Imagine if we had accurate warning about the risk of bushfires, a week in advance.
A team of Australian researchers are on track to make it happen.
Scientists at Monash University and Australian National University (ANU) have used applied machine learning techniques and satellite imaging to create models to predict the moisture content of vegetation, a major determinant of bushfires.
Their recent results “have been remarkably accurate,” according to Professor Geoff Webb, Research Director at Monash University Data Futures Institute. “I’m quite surprised.”
The project, which uses the Australian Research Data Commons’ (ARDC) Nectar Research Cloud for some of its computational resources, involves predicting the live fuel moisture content (LFMC) of vegetation using satellite images. LFMC is an important factor for modelling fire behaviour and predicting potential fire areas. It also provides valuable information about climate change by improving knowledge about the relationships between climate, plants and wildfires.
The latest generation of satellites, which provide more frequent high-resolution Earth imaging than their predecessors, are rapidly increasing the amount of useful data for LFMC monitoring and bushfire prediction.

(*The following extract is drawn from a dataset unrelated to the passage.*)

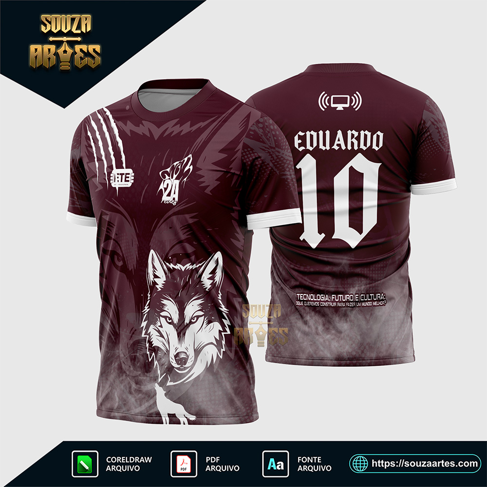 A qualidade superior do vetor garante reproduções fiéis. Em outras palavras, você obtém um design preciso, com o contraste elegante da cor vinho e a força do mascote lobo para o uniforme da sua classe. Além disso, esta arte é perfeita para sublimação. Ela transforma qualquer peça em um ícone de união e força, permitindo que você leve a emoção dos jogos para qualquer lugar.

This expanding wealth of information requires enormous computing power, which is where research infrastructures, such as Nectar Resource Cloud, come into play.
The initial phase of the project used MODIS (MODerate resolution Imaging Spectroradiometer) time series data, with a goal of creating a daily LFMC mapping system over the contiguous US.

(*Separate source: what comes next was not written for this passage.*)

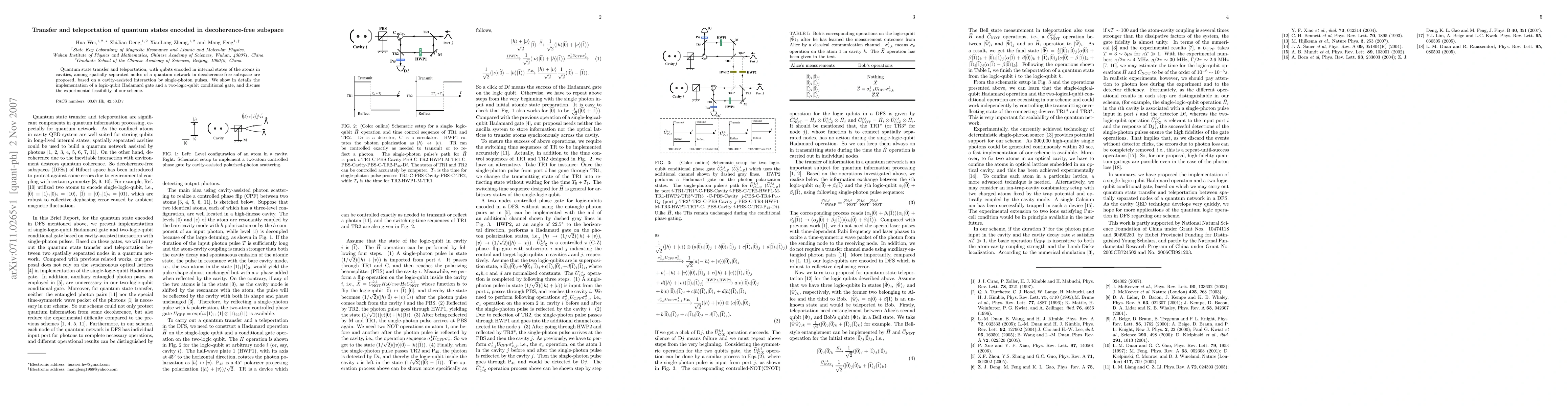 This paper proposes a method for quantum state transfer and teleportation using qubits encoded in decoherence-free subspaces, facilitated by cavity-assisted interactions via single-photon pulses. It details the implementation of a Hadamard gate and a two-qubit conditional gate, and assesses the experimental feasibility of the proposed scheme.
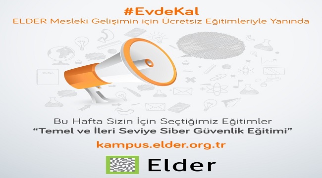 Elektrik Dağıtım Hizmetleri Derneği (ELDER), 'Sen #EvdeKal Biz Eğitimleri Ücretsiz Olarak Size Getiriyoruz! Bu hafta sizin için seçtiğimiz eğitimler "Temel ve İleri Seviye Siber Güvenlik Eğitimi" Detaylı bilgi için http://kampus.elder.org.tr

The team’s model accurately identified the locations of four major southern Californian bushfires in 2017 as high-risk areas, two weeks prior to the fires, due their low LFMC.
The researchers concluded that areas with problematic fuel moisture content could be identified a week before a bushfire, within their targeted areas.
The next step in the project is to focus on forecasting LFMC. The team already has near real-time LFMC products for Europe, which are used to estimate emissions in the European Forest Fires Information System, and an Australian Flammability Monitoring System.
“However, we cannot yet forecast fuel flammability into the future,” said Marta Yebra, Research Fellow, ANU College of Science, “as the field measurements are still a limiting factor for training the machine learning algorithms.”
The hope is that once they have secured adequate funding, the team will be able to update Australian fire risk models in near real time.
The ARDC has just launched an initiative that also focuses on bushfires.
The new Bushfire Data Challenge program, a part of the organisation’s Translational Research Data Challenges initiative, is designed to develop innovative digital infrastructure solutions to current data challenges in bushfire research to help improve Australia’s bushfire resilience, response and recovery.